We blasted the representative DNA pol sequences against both viral and bacterial community genomes (that is, viromic, GOS and HOT metagenomic database). The viromic database (Angly et al., 2006) contains short sequences (approximately 100 nt or 33aa), which could not provide reliable hits or long sequences for the phylogenetic analysis.

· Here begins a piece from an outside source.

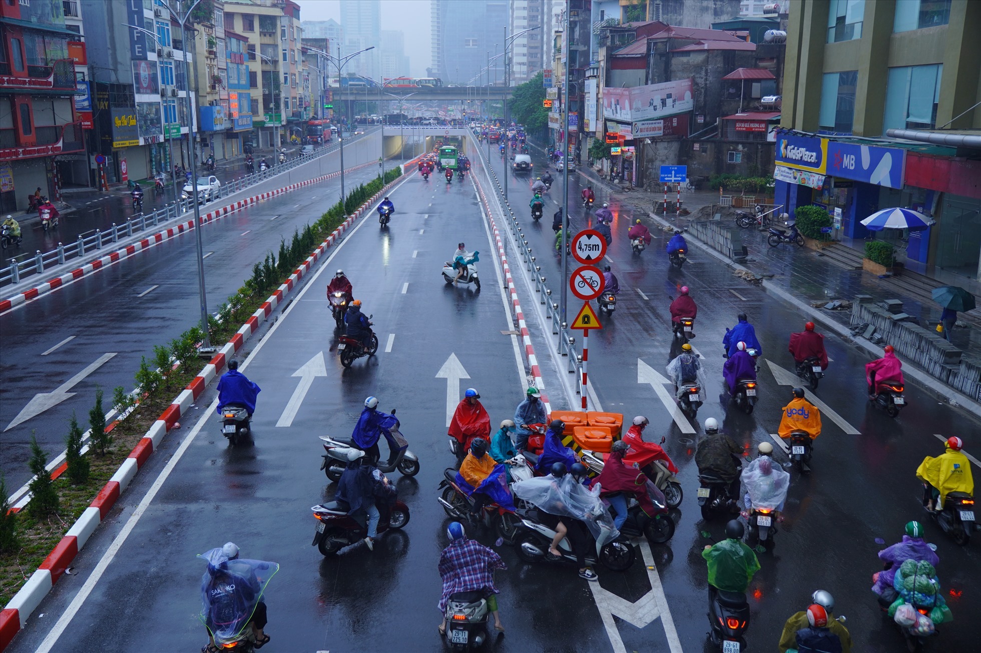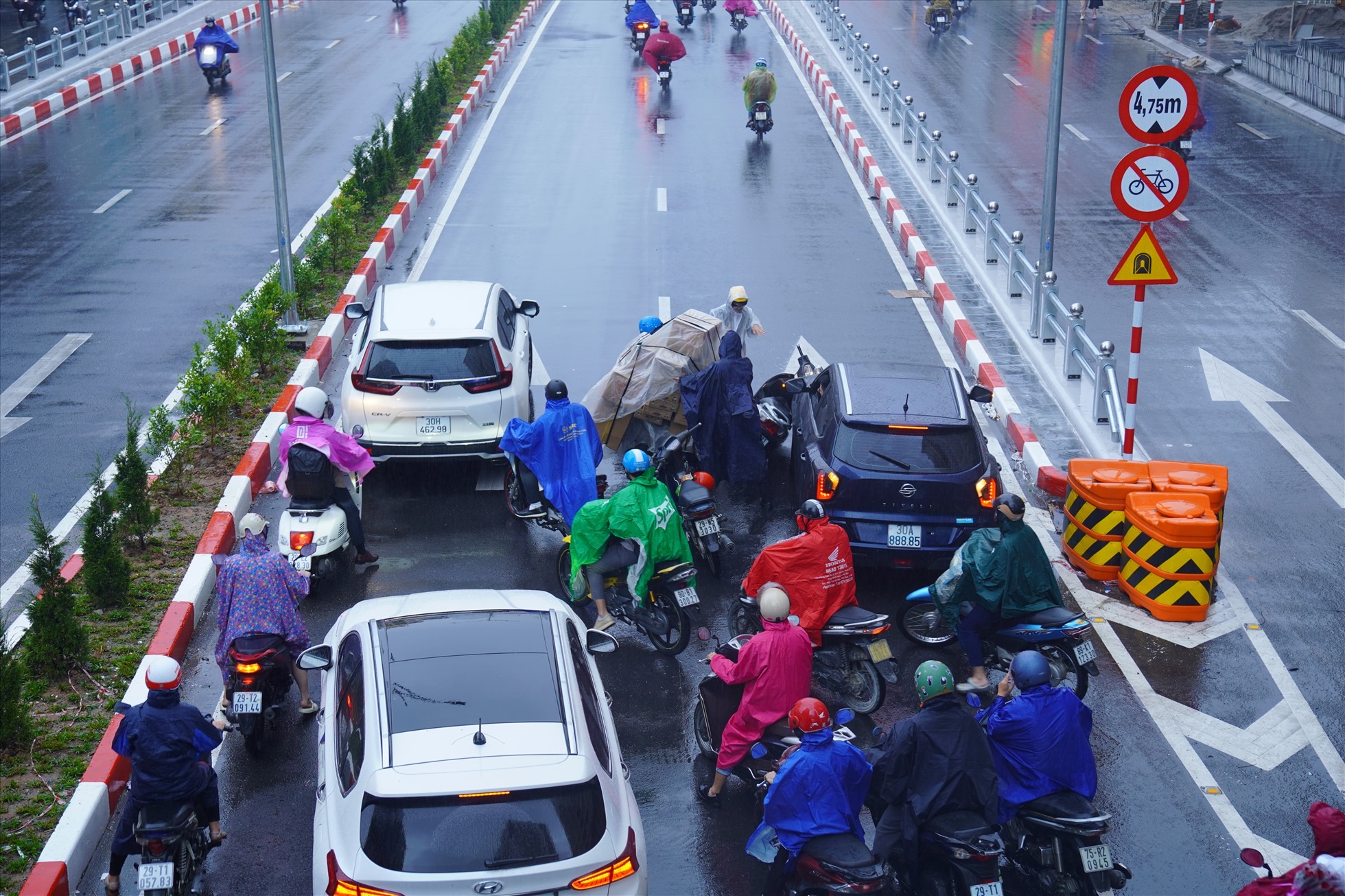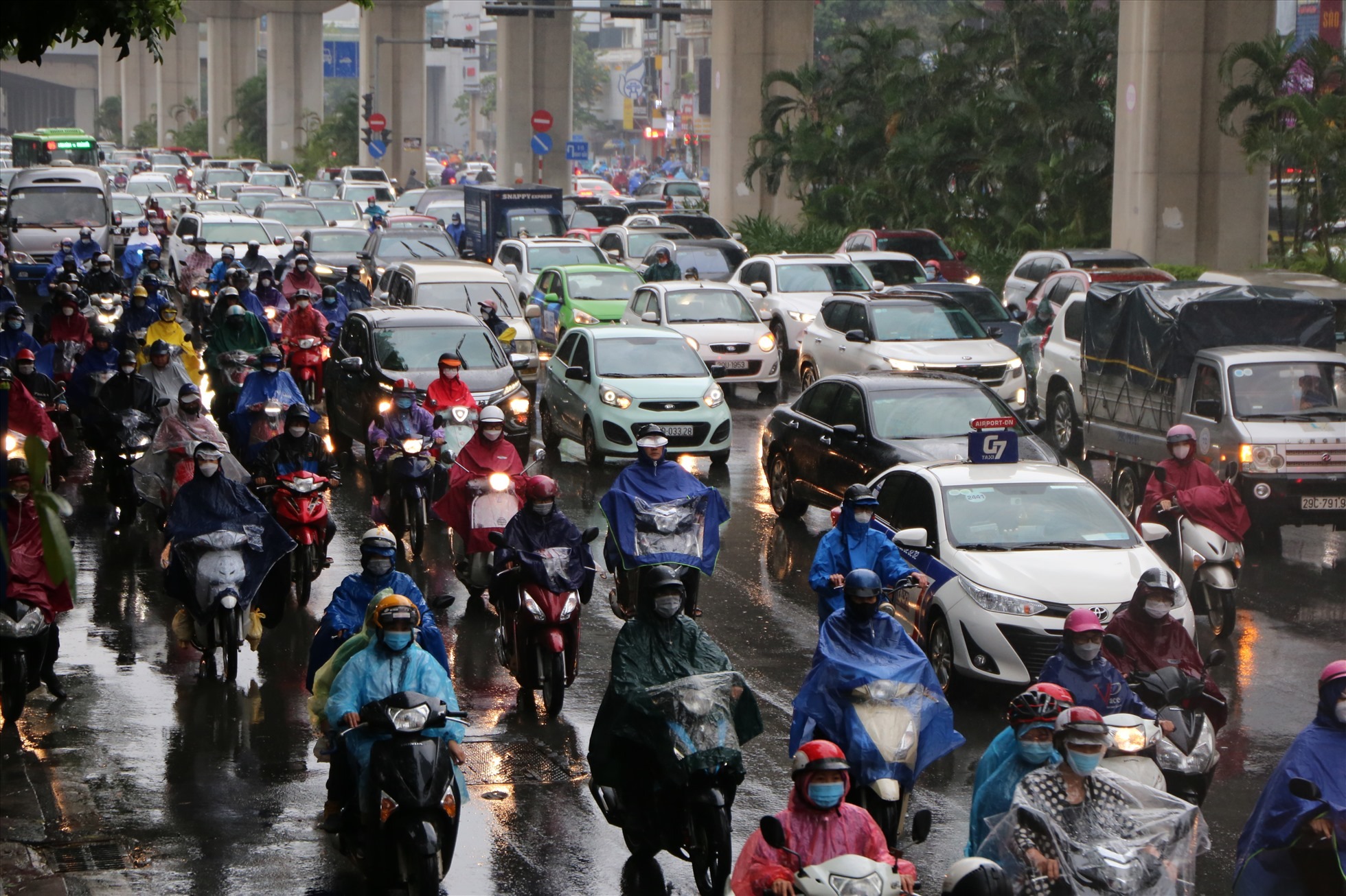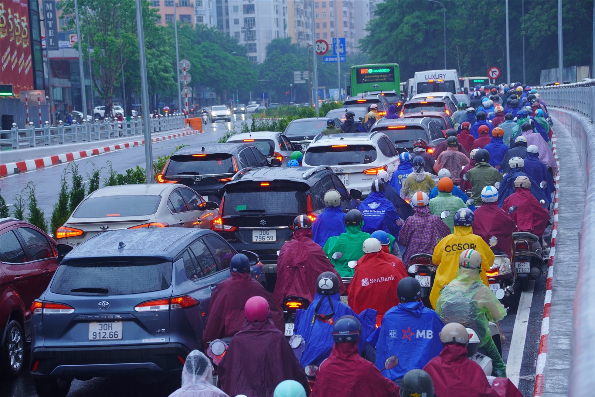 Tại tuyến đường Nguyễn Trãi (hướng từ Thanh Xuân đi Ngã Tư Sở) cũng đông đặc phương tiện. Đặc biệt tại các điểm quay đầu, lượng phương tiện bị dồn ứ ảnh hưởng đến dòng phương tiện đi thẳng.
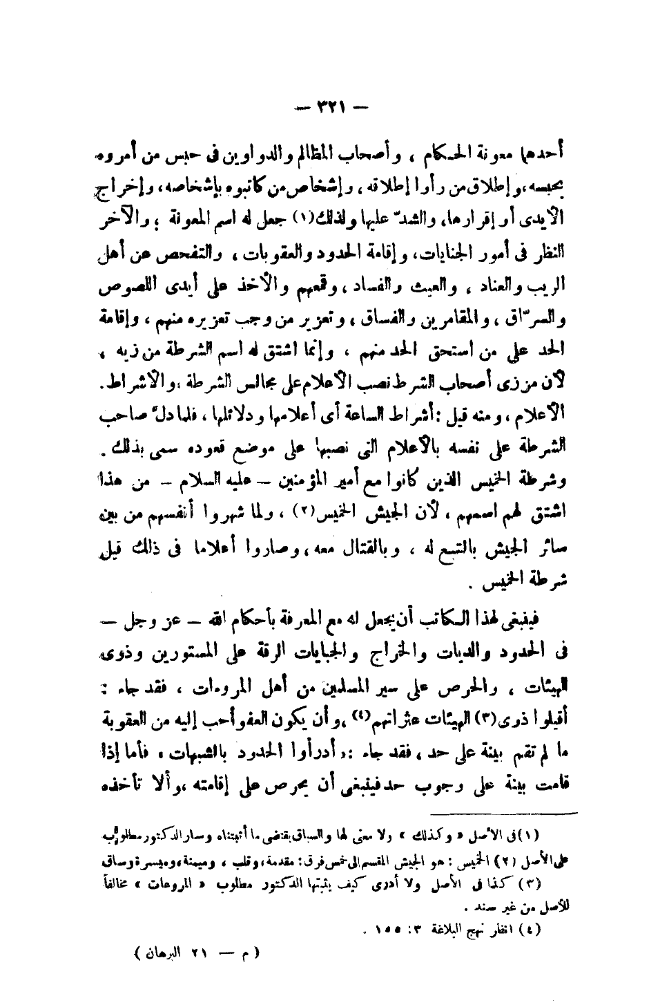 أحدهم معونة الحكام، وأصحاب المظالم والدواوين في حبس من أمروه بحبسه، وإطلاق من رأوا إطلاقه، وإشخاص من كاتبوه بإشخاصه، إخراج الأيدي أو إقرارها، والشد عليها ولذلك جعل له اسم المعونة؛ والآخر النظر في أمور الجنايات، وإقامة الحدود والعقوبات، والتفحص عن أهل الريب والعناد، والعبث والفساد، وقمعهم والأخذ على أيدي اللصوص والسرّاق، والمقامرين والفساق، وتعزيز من وجب تعزيزه منهم، وإقامة الحد على من استحق الحد منهم، وإنما اشتق له اسم الشرطة من زيه، لأن من زي أصحاب الشرطة نصب الأعلام على مجالس الشرطة، والأشرطة. الأعلام، ومنه قيل: أشراط الساعة أي أعلامها ودلائلها، فلما دل صاحب الشرطة على نفسه بالأعلام التي نصبها على موضع قعوده سمي بذلك. وشرطة الخميس الذين كانوا مع أمير المؤمنين - عليه السلام - من هذا اشتق لهم اسمهم، لأن الجيش الخميس، ولما شهروا أنفسهم من بين سائر الجيش بالتبع له، وبالقتال معه، وصاروا أعلاماً في ذلك قيل شرطة الخميس.

The GOS and HOT metagenome databases contain long sequence reads (approximately 1000 bp), which are critical for BLAST search and phylogenetic analysis. The downside of blasting viral genes against the GOS and HOT metagenomic databases is that they were not set up originally for viral communities. Viral sequences only make up approximately 3% of the total predicted proteins of GOS database (Williamson et al., 2008). Cyanophage sequences comprise up to 10% of HOT microbial metagenome (DeLong et al., 2006), but no cyanopodovirus DNA pol gene sequences were found in the data set. Different cloning and sequencing strategies and magnitudes of sequences between GOS and HOT samples may result in this discrepancy.

Conclusion

This study shows that podoviruses of picocyanobacteria are widely distributed in the world's oceans. The comparison of clone libraries suggests that cyanopodoviruses in the open oceans are less diverse (and perhaps less abundant) compared to those in the estuarine ecosystem. A large portion of cyanopodoviruses (subcluster VIII) in the ocean appears to be ubiquitous and represents a potentially important ecological group. Metagenomic analysis of GOS host-derived DNA pol sequences suggests that cyanopodoviruses are diverse across global oceans. Although podoviruses are typically virulent and host specific, the interaction between podoviruses and cyanobacteria in the ocean still remains largely unknown. Co-monitoring of biogeography of both picocyanobacteria and their viruses is warranted to further understand the ecological role of cyanophage in the marine environment.